Sem-abrigo de Lisboa terão centros
diurnos para os ajudar a encontrarem um emprego
POR O CORVO • 15 SETEMBRO, 2017 •
http://ocorvo.pt/sem-abrigo-de-lisboa-terao-centros-diurnos-para-os-ajudar-a-encontrarem-um-emprego/
A câmara municipal prepara-se para criar unidades de apoio
para os que vivem na rua e procuram emprego. A iniciativa parece agradar a
algumas instituições sociais, mas há quem defenda que o passo mais importante
para a completa integração dos sem-abrigo será uma maior abertura da sociedade
à sua inclusão no mercado de trabalho. Esta semana entrou ainda em
funcionamento um Núcleo de Apoio Local na freguesia de São Vicente. O objectivo
a longo prazo deste género de equipamentos será acabar com a distribuição
alimentar nas ruas.
Texto: Sofia
Cristino Fotografia:
Tiago Figueiredo
A Câmara Municipal de
Lisboa (CML) acaba de lançar um concurso para a criação de Centros Ocupacionais
de Inserção Diurna (COID) para Pessoas em Situação de Sem-Abrigo que estejam
activamente à procura de emprego. O vereador dos Direitos Sociais da CML, João
Afonso, explica ao O Corvo que estes espaços surgem já na fase final do
processo de reintegração dos sem-abrigo, destinando-se a “pessoas que já estão
com capacidade para responder a uma oferta de trabalho ou a respostas
ocupacionais, mesmo que sejam temporárias”. Esta é uma iniciativa no âmbito do
Programa Municipal para a Pessoa Sem Abrigo 2016-2018 (PMPSA).
“Os centros diurnos
funcionam como centros de integração local. Já existem centros de integração
local, mas não é suficiente. Tem de existir uma lógica de progressividade e
este concurso surge numa fase mais avançada do nosso programa, como complemento
ao alojamento”, esclarece. “Em todo este processo de reintegração não há um
contínuo, a pessoa vai passando por várias fases e por vezes há um retrocesso,
volta à sua vida, aos seus laços sociais e familiares. Estes centros são para
pessoas que já estão em processo de reinserção, que já não estão a dormir na
rua”, acrescenta.
Os novos centros, cuja localização não está ainda definida,
terão uma capacidade mínima para albergar 25 pessoas. Cada utente deverá
cumprir um Plano de Inserção Individual (PII), de preferência num prazo não
superior a três meses, recebendo um acompanhamento individual diário contínuo.

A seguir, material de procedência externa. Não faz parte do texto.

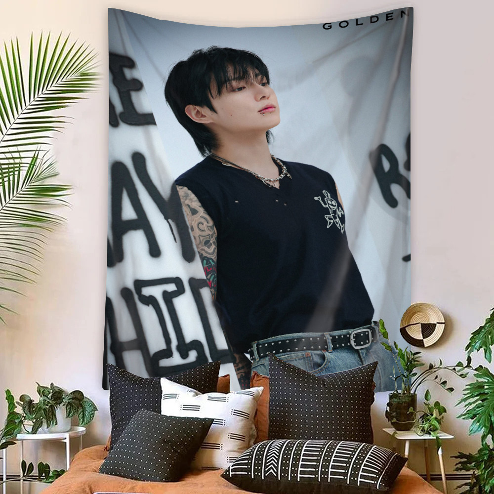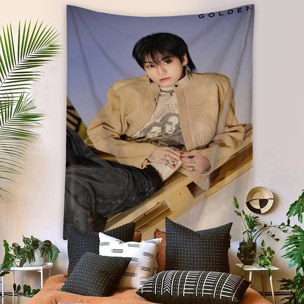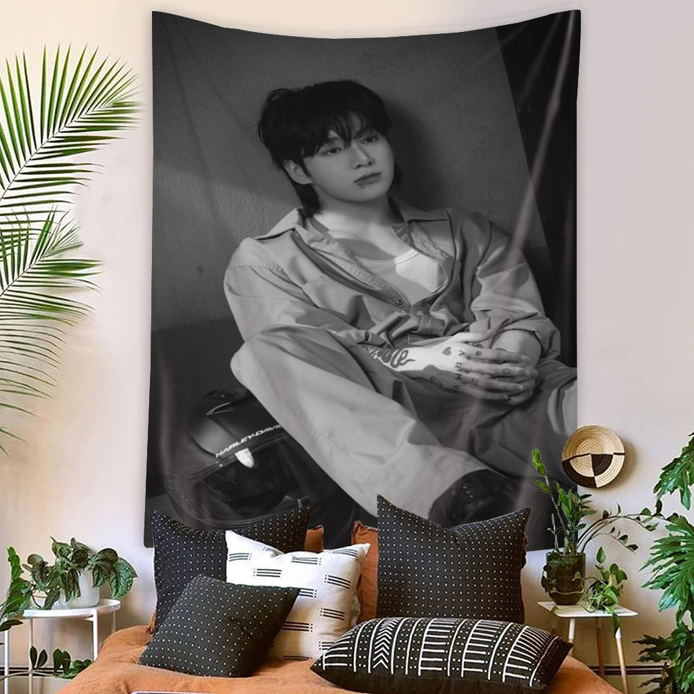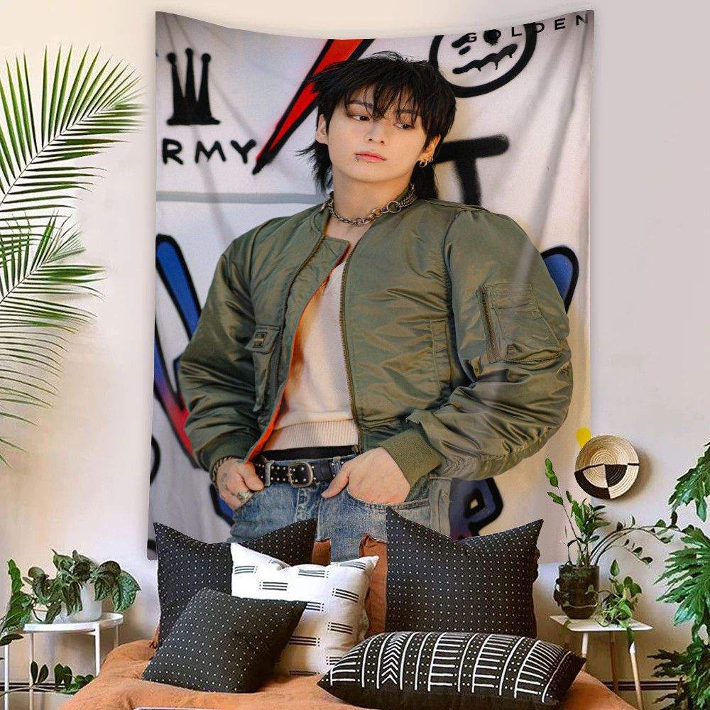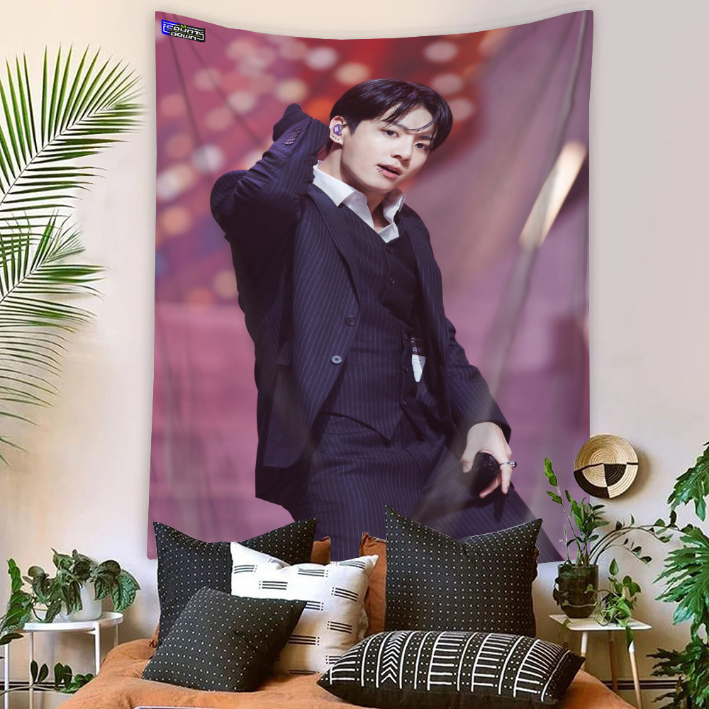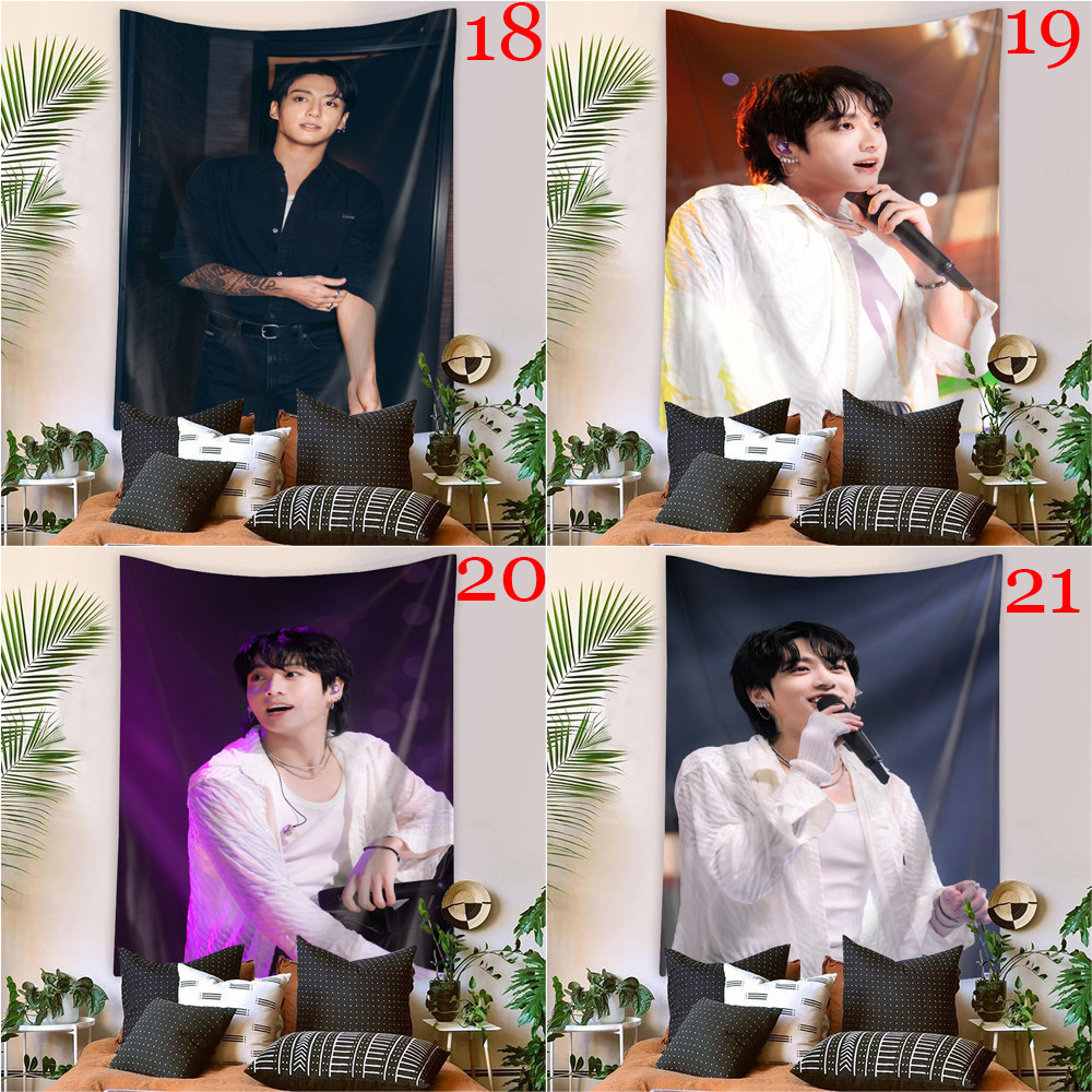 Kpop BTS Jungkook Tapeçaria De Parede Com Clipes Poliéster De Dormitório Decoração De Casa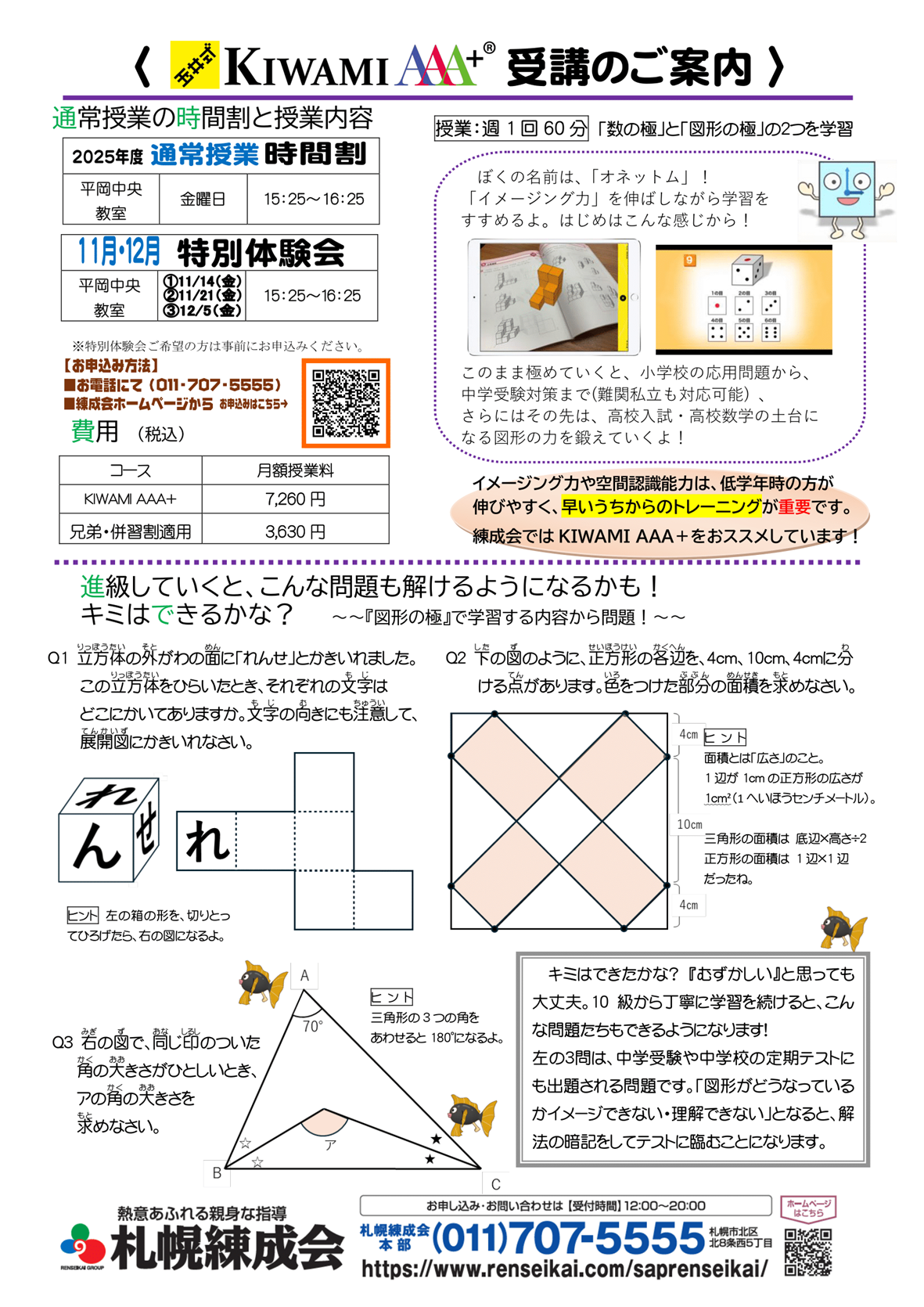 KIWAMI AAA+体験会のご案内!(平岡中央教室)

A câmara aceita candidaturas de projectos para a criação dos Centros Diurnos
por parte de instituições particulares de solidariedade social e as que lhe são
legalmente equiparadas, associações, fundações e outras pessoas colectivas
privadas de âmbito social sem fins lucrativos. Cada um dos dois projectos
vencedores receberá trinta e dois mil e quinhentos euros.
Mas João Afonso diz
que os COID “não são uma prioridade” da CML, indicando antes as Equipas
Técnicas de Rua (ETR’s), o alargamento das respostas de alojamento e a criação
dos Núcleo de Apoio Local (NAL) como medidas a que a autarquia dará primazia.
“Os COID resultam de um trabalho com os nossos parceiros, que já têm
experiência nesta área. O nosso papel aqui é só financiar os programas que eles
próprios têm capacidade de montar já em articulação com o Centro de Emprego e
com as Escolas de Formação Profissional. Nós não conseguimos fazer tudo, não
temos recursos humanos para tudo”, acrescenta.
Para Henrique Joaquim,
presidente da Comunidade Vida e Paz, os centros diurnos representam “uma
resposta importante, que virá contribuir para que se reforce e consolide o
sucesso que se tem vindo a alcançar nesta área”. “As pessoas em situação de
sem-abrigo, ainda que estejam todas na mesma condição – sem–abrigo -, têm
processos pessoais e diferenciados que é crucial compreender o mais
aprofundadamente possível. Ter espaços de acolhimento e acompanhamento durante
o dia é essencial para poder ter uma intervenção de proximidade”, afirma.
O presidente do
Centro de Apoio aos Sem-abrigo (CASA), Rogério Figueira, acredita que a criação
dos COID permitirá “criar uma base de trabalho mais consistente na cidade de
Lisboa”. “Têm de ser criadas estruturas que apoiem as várias vertentes que
permitem a completa integração social: alimentação, higiene, saúde (física e
mental), habitação, formação profissional e inserção no mercado de trabalho. O
enfoque em apenas uma destas vertentes resulta sempre num trabalho incompleto,
que não se traduz numa real reintegração”, defende.
Em declarações a O Corvo, o vereador dos Direitos Sociais
anunciou ainda que acabou de entrar em funcionamento um novo Núcleo de Apoio
Local (NAL) na freguesia de São Vicente, na zona de Santa Apolónia. O qual, à
semelhança do NAL de Arroios, consistirá num espaço para distribuir alimentos
em melhores condições de higiene e em condições que favoreçam a sociabilização.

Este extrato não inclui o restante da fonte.